And so, therefore, when a stablecoin holder eventually wants to cash out and they go to basically an off-ramp, the money will actually be there.
Now, I'm not saying that the money isn't there with any of the current providers.
In fact, I think it is, but now
consumers will have the additional protection and confidence to know that all these entities have been audited, they've passed these audits, and they're regulated entities under U.S.
law.
And that creates confidence for the market, and it's good for everybody, and it will spread the adoption of this stablecoin product.
And if they don't, they can't participate in our market, right?
So that's the good news here is, you know, if you choose to not go through those audits and you do attestations or other fugazi, fugazi stuff offshore, you know, not saying anybody's doing that, but people have, you know, then you just don't get to participate.
And this is the great thing about having some basic rules of the road.
We should talk a little bit here about infrastructure, Sachs.
You were in Pittsburgh this week.
There were some announcements.
This was another bipartisan win, I think.
Shapiro was there.
A bunch of investment going on there.
Maybe tell us a little bit about the progress made in Pittsburgh with regards to AI and infrastructure.
This was an energy and innovation summit that was organized by the Pennsylvania Senator Dave McCormick and his wife, Dina Powell McCormick.

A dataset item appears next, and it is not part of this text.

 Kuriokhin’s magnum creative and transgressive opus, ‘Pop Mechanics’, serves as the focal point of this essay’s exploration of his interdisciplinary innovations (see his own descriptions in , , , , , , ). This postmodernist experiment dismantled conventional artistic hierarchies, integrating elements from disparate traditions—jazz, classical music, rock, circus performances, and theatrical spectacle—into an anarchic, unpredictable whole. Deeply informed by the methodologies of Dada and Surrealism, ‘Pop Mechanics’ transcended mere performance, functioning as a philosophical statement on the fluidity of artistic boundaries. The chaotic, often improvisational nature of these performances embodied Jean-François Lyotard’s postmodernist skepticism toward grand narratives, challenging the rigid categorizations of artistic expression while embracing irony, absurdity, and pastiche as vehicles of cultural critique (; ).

And they did an amazing job bringing together all of these different companies and interests that have a stake in energy in Pennsylvania and the development of AI.

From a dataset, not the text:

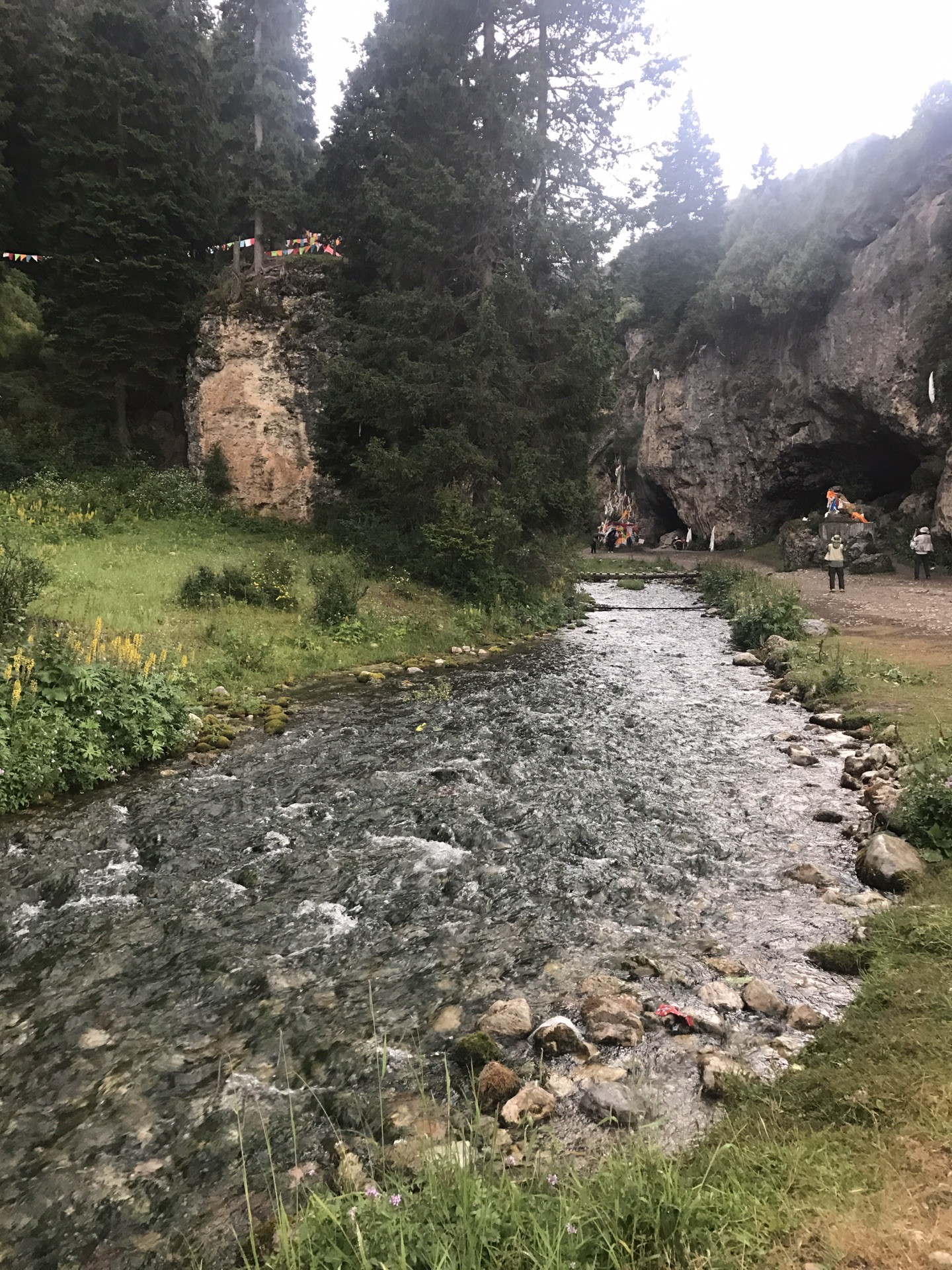 一条宽不足2m的小溪从镇中流过,却有一个很气派的名字"白龙江",如按藏文意译作"白水河"。清澈见底的白龙江水把小镇一分为二。江北是赛赤寺属于甘肃碌曲县,又叫"安多达仓郎木赛赤寺",江南是格尔底寺属于四川若尔盖县,又叫"安多达仓郎木格尔底寺",均属藏传佛教格鲁派寺庙。一条小溪分界又联结了两个省份,融合了藏、回两个和平共处的民族;喇嘛寺院、清真寺各据一方地存在着;晒大佛,做礼拜,小溪两边的人们各自用不同的方式传达着对信仰的执著。

And Pennsylvania is, I think, it's number two energy producing state in the U.S.
It has tremendous amounts of natural gas.
They feel like they can expand that.
I think there's been a lot of fracking in the past there, for example.
They even have nuclear westing houses there.
And it makes sense to have the data centers near the power source, right?
And so we know that these big AI data centers can be powered by either natural gas or nuclear.
And so Pennsylvania just makes a lot of sense as a place to build this AI infrastructure.
So this was a summit to announce new investment in Pennsylvania, something like $90 billion.
President Trump was there to keynote the summit and talk about these investments.
It's his policies towards energy that
he started describing long ago.
I mean, remember, he made the campaign promise of drill baby drill.
He's been talking about the need for energy expansion in America for many years.
And I think he was very farsighted in seeing that energy is the basis for everything.
It's the basis for AI.
It's the basis for all other kinds of growth.
So by promoting energy dominance, we also get AI dominance.
And we've talked on this show before about how we're going to need that energy to power the electricity of all these new AI data centers.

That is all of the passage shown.